Sighting range	Distance from the point of departure to the intersection of the trajectory with the line of sight
Exceeding the trajectory above the line of sight	The shortest distance from any point of the trajectory to the line of sight
target line	A straight line connecting the departure point with the target	When firing direct fire, the target line practically coincides with the aiming line
Slant Range	Distance from point of origin to target along target line	When firing direct fire, the slant range practically coincides with the aiming range.
meeting point	Intersection point of the trajectory with the target surface (ground, obstacles)
Meeting angle	The angle enclosed between the tangent to the trajectory and the tangent to the target surface (ground, obstacles) at the meeting point	The smaller of the adjacent angles, measured from 0 to 90°, is taken as the meeting angle.
Sighting line	A straight line connecting the middle of the sight slot to the top of the front sight
Aiming (pointing)	Giving the axis of the bore of the weapon the position in space necessary for firing	In order for the bullet to reach the target and hit it or the desired point on it
Horizontal aiming	Giving the axis of the bore the desired position in the horizontal plane
vertical guidance	Giving the axis of the bore the desired position in the vertical plane

The trajectory of a bullet in the air has the following properties:
- the descending branch is shorter and steeper than the ascending one;
- the angle of incidence is greater than the angle of throw;
- the final speed of the bullet is less than the initial one;
- the smallest bullet flight speed when firing at high angles of throw - on the descending branch of the trajectory, and when firing at small angles of throw - at the point of impact;
- the time of movement of the bullet along the ascending branch of the trajectory is less than along the descending one;
- the trajectory of a rotating bullet due to the lowering of the bullet under the action of gravity and derivation is a line of double curvature.

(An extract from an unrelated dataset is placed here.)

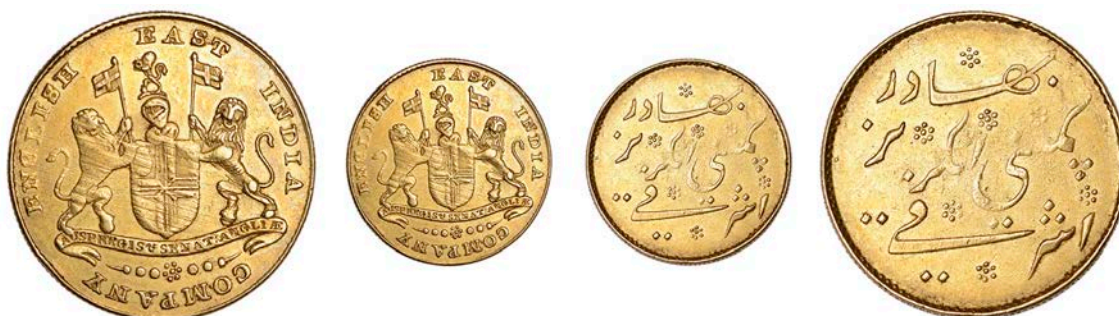
G 2315 Mohur, undated [1819], 11.65g/12h (Prid. 241; F 1587; KM 421.1). Very fine £800-£1,000

Types of trajectories and their practical significance

When firing from any type of weapon with an increase in the elevation angle from 0° to 90°, the horizontal range first increases to a certain limit, and then decreases to zero (Fig. 5).

The angle of elevation at which the greatest range is obtained is called the angle of greatest range. The value of the angle of greatest range for bullets various kinds weapons is about 35 °.

The angle of greatest range divides all the trajectories into two types: into the trajectories flat and hinged (Fig. 6).

Flat trajectories are called trajectories obtained at elevation angles smaller than the angle of greatest range (see Fig. trajectories 1 and 2).

Overhead trajectories are called trajectories obtained at elevation angles greater than the angle of greatest range (see Fig. trajectories 3 and 4).

Conjugate trajectories are trajectories obtained at the same horizontal range by two trajectories, one of which is flat, the other is hinged (see Fig. trajectories 2 and 3).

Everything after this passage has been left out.